The humiliations continue

She celebrated her 50th birthday in the addiction clinic. I established a professional existence as a therapeutic naturopath in Hawaii.When we telephoned, she still explained to me what I feel and think, and inwardly made me crazy.

But I said nothing and then spent days digging out what really bothered me. It humbled me that she interrupted my sentences to end my thoughts seemingly pointed and eloquent myself.

I had long since crossed the 30 and still did not dare to hurl it at her: "No, Mommy, I want to say something else!" Depressive phases, deep self-doubt and the feeling of being unworthy of being loved continue to determine my life. My relationships often ended before it got serious. I did not feel that I deserved marriage, home buying and own children.

At over 40, I visited my mother again in Germany. Again, my old child rage caught up with me: Why did she spend so much money on handbags, skirts and mascara, where we often could not even afford lunch? How could she give me my few extra kilos, where she herself was so thin that I was worried?

Only a therapy and a break from contact helped me

Weeks later, when she criticized my red-dyed hair during a phone call ("stupid idea, no one stands red!") And I remained silent, I realized that I had to change something.
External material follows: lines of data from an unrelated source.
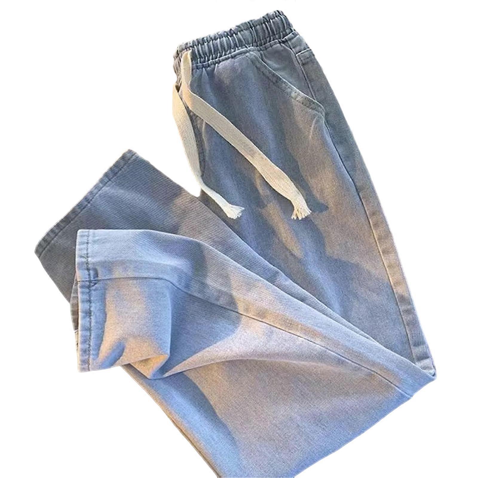 Women's Elastic High Waist Jeans Casual Straight Leg Denims Pants Casual Wide Leg Pants Trousers with Pockets Gifts Light Blue XL
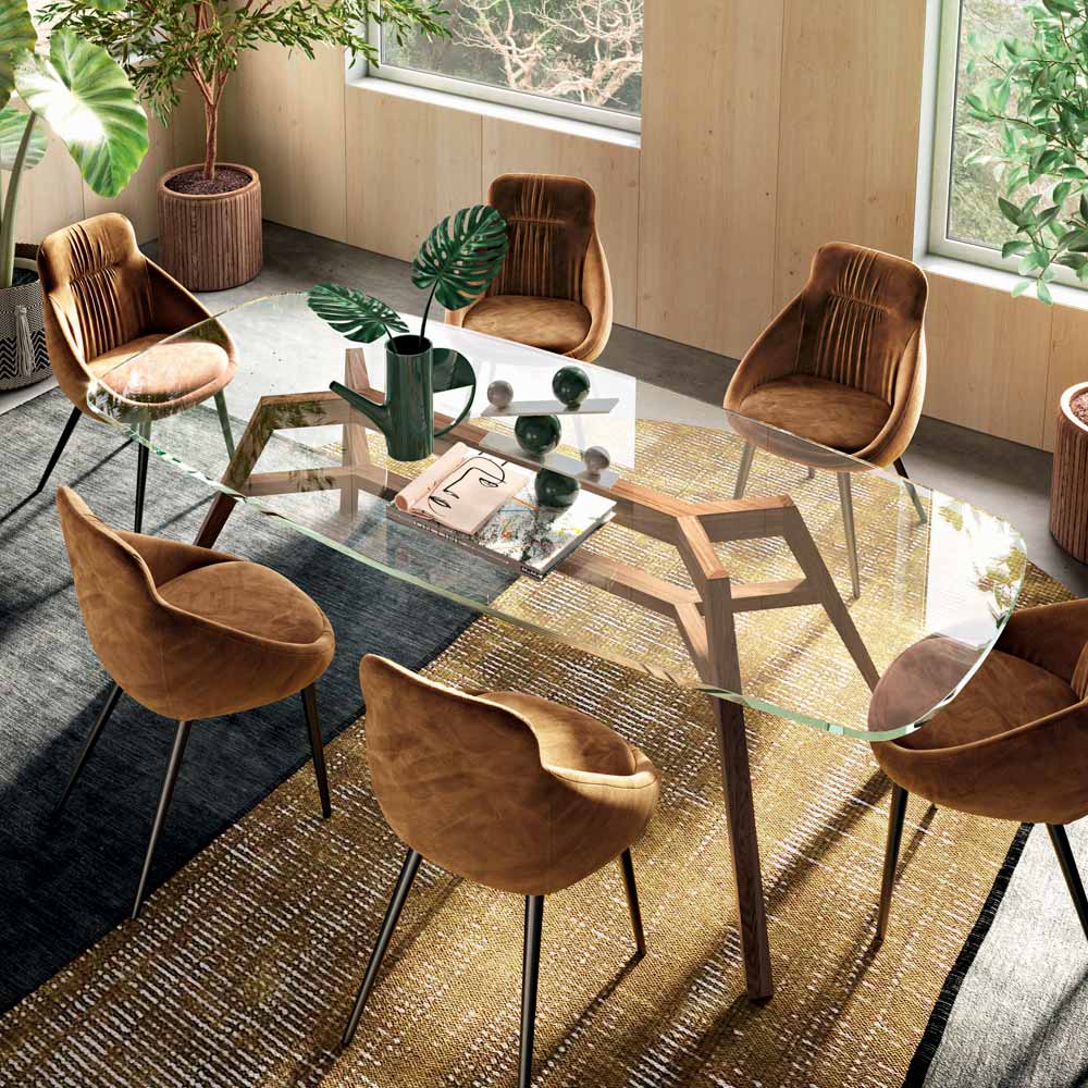 Table de salon fixe de forme tonneau avec plateau en verre , bord biseauté à 30° , piètement en frêne finition noyer canaletto . Ce produit au style moderne a pour objectif premier de pouvoir être utilisé au quotidien sans sacrifier le design. La chaîne de produits, de la conception à la production, jusqu'au contrôle de qualité, est entièrement réalisée en Italie , afin de garantir et de préserver la caractéristique typique du « savoir-faire » italien et l'importance du typique Made in Italy.
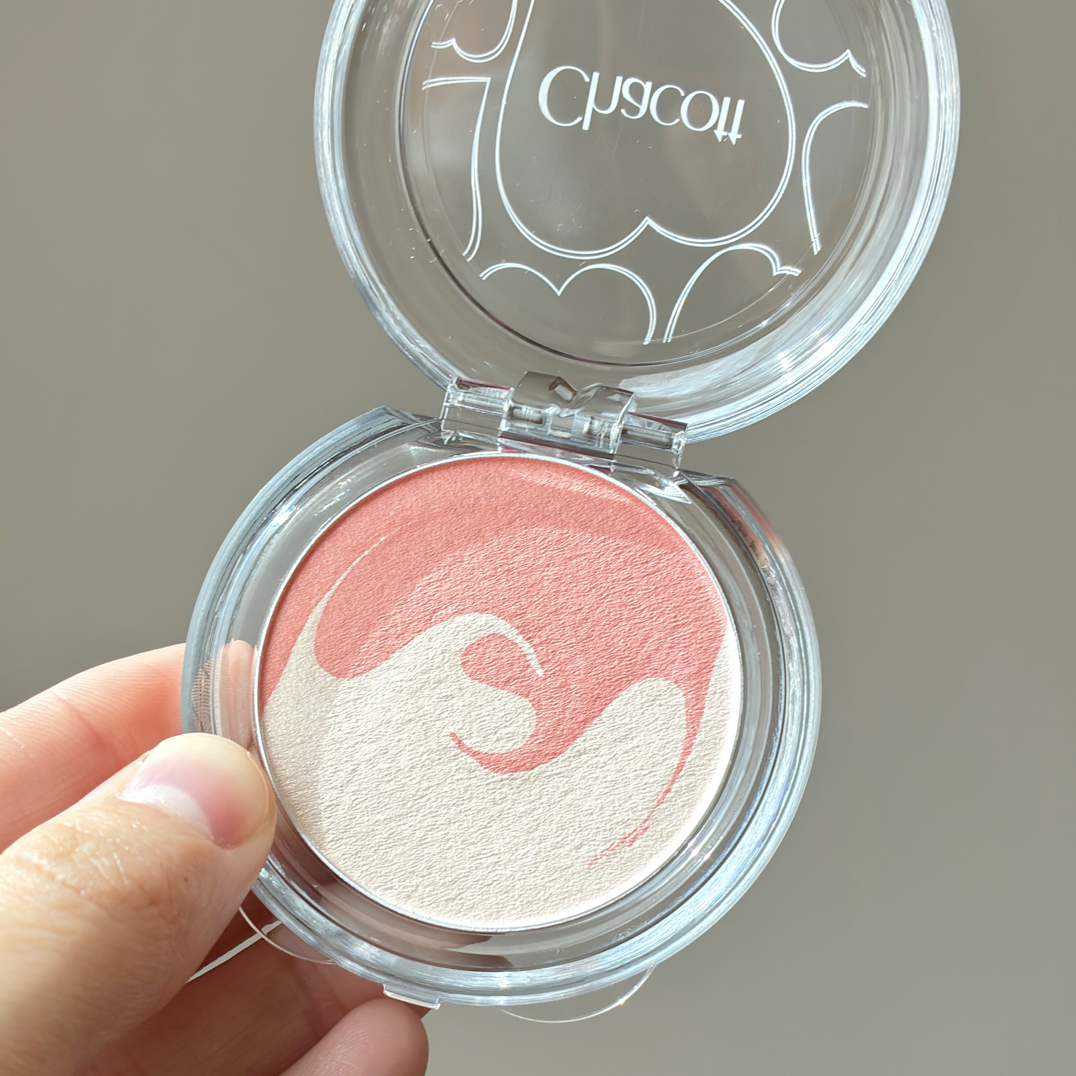 - 数量限定発売 まるで“マーブルチョコレート”のような見た目で、自分へのご褒美にもぴったり ・ルビーチョコを思わせるコーラルピンク系のチーク ・ジャンデューヤチョコレートのヘーゼルナッツをイメージしたハイライト テクニックいらずで、血色感と立体感をひと塗りで叶えるチーク&ハイライトです。 体温の高まりとともにあらわれる“多幸感のあるほっぺ”を演出 恋をしているとき、幸福感に包まれているとき、舞台上で輝いているとき...。 体温の高まりとともにあらわれる“自分史上最強にかわいい表情” に着目。 1~2回重ねるだけで、チークのほどよい血色感※1とハイライトの自然なツヤが多幸感のある頬を引き立てます。 ■肌ベースを問わないコーラルピンク(チークカラー) ブルべ・イエベに関わらずなじむように調和した色設計により、ほどよい血色感を演出。 また、赤色透過酸化チタンが透明感のある血色感※1をサポートします。 ■ステージメイク発祥の高発色とカバー力※1(チークカラー) 高密着なカラーピグメントにより鮮やかな発色を実現。 また、ソフトフォーカス効果のあるパウダーが、気になる肌の色ムラや毛穴の凹凸をカバーし、なめらかな肌を演出します。 ※1 ■自然なツヤと透明感を与えるゴールドパール(ハイライトカラー) サイズと輝きの異なるゴールドパールを配合し、複雑な光の反射を演出。 自然なツヤと透明感を与え、表情を立体的に際立たせます。 ■なめらかな頬を目指す※2 美容成分配合※3 ・ビタミンC誘導体(テトラヘキシルデカン酸アスコルビル) ・加水分解コラーゲン ・ヒアルロン酸Na ・オーガニック原料 (アルガニアスピノサ核油、シア脂、オリーブ果実油、ヒマワリ種子油、トウキンセンカエキス、ローズマリー葉エキス、セイヨウサクラソウ花エキス、セイヨウノコギリソウ花/葉/茎エキス、セイヨウハッカ葉エキス、ゼニアオイ花/葉/茎エキス、ハゴロモグサ花/葉/茎エキス、ベロニカオフィシナリス花/葉/茎エキス、メリッサ葉エキス) ※1 メイクアップ効果による ※2 うるおいを与えることによる ※3 各保湿成分

About me! I wanted to learn to limit their influence on my self-esteem.

I wrestled with a therapy that I now use as a naturopath for my patients as well? the knocking therapy (short EFT). During intense therapy hours, all my stubborn pain came up in me. Brave, I asked my mother for a six-month contact break. And finally came to rest inwardly. I realized that when I use my voice, loud and clear, "no!" legend.

When I first said to her, "No, I do not want that!", She asked surprised: "How are you talking to me?" And I said calmly, "Just like you with me."

She is clean at 70 - and I do not need her anymore

Since then, our relationship has settled on a peaceful but distant contact. She is almost 70 years old, clean after years of effort and married again. I now focus on myself, have a wonderful man I love, and good friends. It feels good to know that I do not need them anymore.


Text: Veruschka. She still has contact with her father, but the relationship is very distant. You rarely see yourself? and if, never alone.

Video Recommendation:

A Mother on Selling Drugs for "Survival": "I'm Not Making Any Excuses" | Iyanla: Fix My Life | OWN (April 2024).